Speaking of value, we did want to talk and share a little bit of the data that we have. One of the things that makes me really excited about this space and this consistency is the more consistent that your team uses tools, the easier it is to pull data out of them. You can understand things like change rates, understand different aspects and approaches.

This is just some of our story that we thought made a lot of sense to talk through. I'd highlight just the bottom graph there. I had to pull the axis off, but the red line is incidents and the green line is our change rates. So we're deploying over thousands of times a month. And in general, we feel pretty good about it. We're generally breaking the change or deployment frequency records every quarter. We do kind of see a dip. We're very cyclical around the holiday season. It's a busy season for us, so that kind of changes. Usually Q4 is a little bit where we're kind of focusing more on being hyper-aware and hypersensitive.

Direct your attention to some of the middle numbers there. We do keep a really close eye on our change rates, on our change success rate, things like that. This system and the predictability that we have gives us an opportunity to do that at scale.

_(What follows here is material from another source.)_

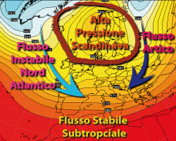 Lo scenario europeo, da qualche giorno, vede una robusta alta pressione stazionante sulla penisola Scandinava. Ai suoi bordi agiscono, dal lato Atlantico, una profonda depressione, “battezzata” dal centro elaborazioni meteorologiche di Berlino, con il nome “Paola”, e dalla parte orientale europea, una goccia fredda di natura continentale, che da qualche giorno invia spifferi freschi sulle regioni adriatiche italiane. In prospettiva (inizio della prossima settimana) la figura che condizionerà il nostro territorio, sarà la depressione atlantica. La suddetta, non potendo spostare il suo raggio di azione verso levante (posizione dell’alta pressione decisiva a questo mancato spostamento) non può che muoversi verso una zona “fertile” per il suo movimento: il Mediterraneo. A questa evoluzione, si aggiungerà, in maniera decisiva, un’altra componente, che renderà estremamente efficace tale figura barica: il richiamo di aria calda e umida, presente sulle coste dell’Africa settentrionale, che la suddetta depressione, richiamerà all’interno del suo vortice. Una miscela che aumenterà,i n maniera esponenziale, la fenomenologia collegata alla…spigliata “signorina Paola“, tale da farla diventare poco signorina e nello stesso tempo un’odiata meteorina televisiva, in viaggio verso la nostra Italia.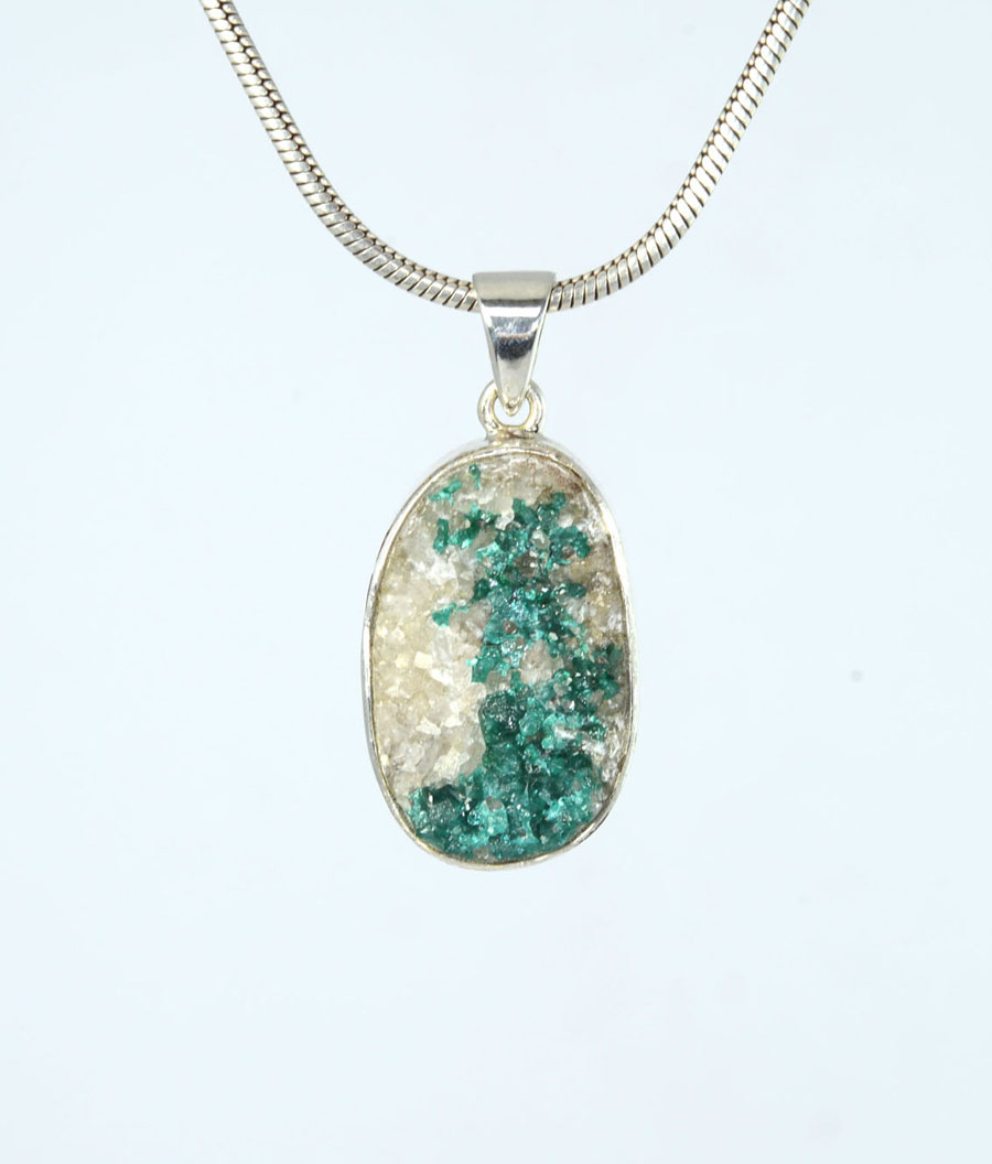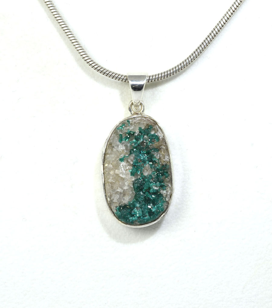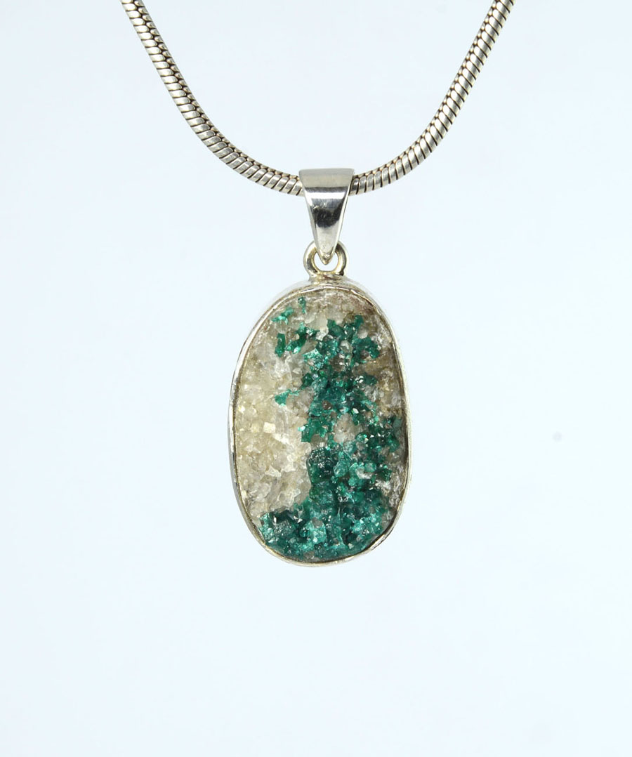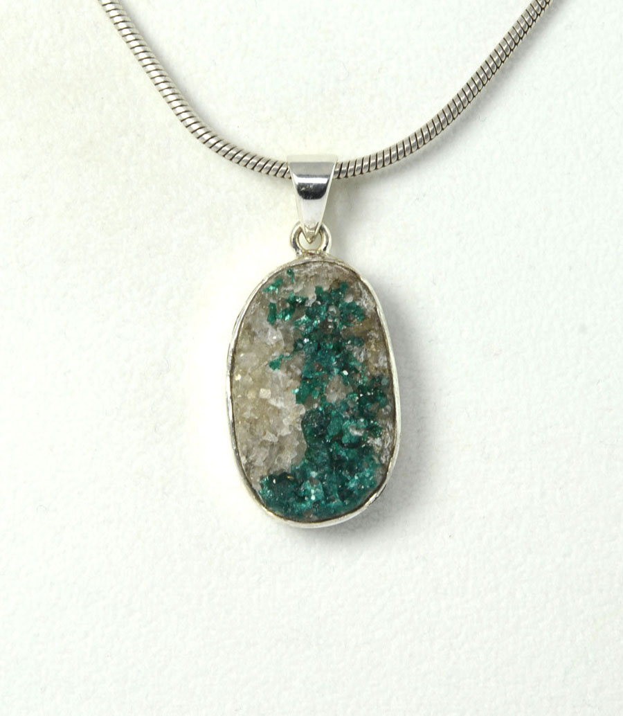 Rarität: Kettenanhänger mit leuchtend grünem Dioptas auf hellem Muttergestein. Der ovale Stein ist in Sterling Silber gefasst. Dieser Dioptas-Anhänger ist ein Unikat.

Had a lot of fun with these numbers and the journeys we've had, and we thought maybe we would just kind of wrap up by sharing some of the high-level takeaways that we feel we're taking back.

Nathaniel Andersen

So to summarize, at least from my anecdote, at a certain point, iterating locally hits a velocity ceiling. And there are times that, whether it's going to be platform engineering or another shared service that will spin out, optimizing for a narrower customer set can end up helping with focus and flow.

Andy Domeier

I think that, mentioned it earlier, the DORA metrics are great, but that customer relationship is where things really start to matter. If your DORA metrics are awesome, but your deployment frequency, if your deployment frequency is great, but you're not shipping anything that has a customer relationship that's producing value, it really doesn't matter, right?

And so this platform engineering product mindset gives this customer relationship that we have now, where my intentions and my motivations and the metrics that we're looking at are all oriented around the value that Nate's receiving. And for us, keeping Nate's team, to kind of steal from Nicole's talk yesterday, in that flow zone as much as possible is a huge part of what we're trying to accomplish.

Nathaniel Andersen

And just a logical argument to this point: generally speaking, the service economy, of which most of us, I think probably all of us, are pretty much a part, is built by abstracted levels of customers or consumers. And so it is valuable to add layers of abstraction or customer abstractions. So internal customers have a lot of value for providing focus.

That may feel a little counterintuitive when you're thinking about DevOps culture. I have a T-shirt that says, "Silos are for grain," which, as an adage, having hard barriers between your teams is something that we've tried to tear down culturally over the last decade.

But silos, or areas of focus in order to facilitate faster customer value, delivering customer focus, actually can accelerate your overall velocity. You can accelerate your quality and reduce duplicative work. So silos aren't always a bad thing when done kind of depending on a platform.

And so you might just strap a platform engineering rocket on that there silo and finish the talk.

Andy Domeier

All right. Thank you so much. We hope our journey was helpful.